UPDATE 4/27/2013: I found an article by Waterman et al. (2010) that, to my mind, provides good advice on how to present results regarding chi-square in an SEM manuscript:

The chi-square statistic is reported but is not used in interpretation, because it tests the null hypothesis of perfect fit to the data, which is implausible and almost certain to be rejected in models with large samples (p. 52).

Waterman, A. S., Schwartz, S. J., Zamboanga, B. L., Ravert, R. D., Williams, M. K., Agocha, B., Kim, S. Y., & Donnellan, M. B. (2010). The Questionnaire for Eudaimonic Well-Being: Psychometric properties, demographic comparisons, and evidence of validity. Journal of Positive Psychology, 6, 41-61.

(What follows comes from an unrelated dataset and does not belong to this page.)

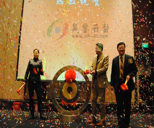 攀枝花市委常委艾磊(右一)、中涂協(xié)孫蓮英會(huì)長(zhǎng)(左一)與董事長(zhǎng)童曉宇(右二)為昊客云臺(tái)開鑼

Technical Aspects of Drawing AMOS Models

Now that we're beginning to learn how to draw models in AMOS (which, by the way, stands for Analysis of Moment Structures), I thought I'd list some of the technical aspects you'll see in the program. Most of the time, AMOS implements these technical aspects automatically, but it's important you know what is going on. [Update, Feb. 12: I've just added a diagram below to help illustrate the following principles; you can enlarge the diagram by clicking directly on it.]

1. Every manifest indicator (box) or latent construct (big circle) that has an incoming unidirectional "causal" arrow gets a residual (or error) term (small circle).

2. Every manifest indicator and latent construct (like any ordinary variable) gets a variance. If the indicator or construct has no incoming unidirectional arrow, its variance is located in the indicator or construct itself. However, if something has a residual, the variance is located only in the residual.

3. Non-directional, "curved" correlations can be inserted only between two entities that have variances. Thus, if two entities each have residual variances, it is the residual variances that get correlated, not the indicators or constructs themselves.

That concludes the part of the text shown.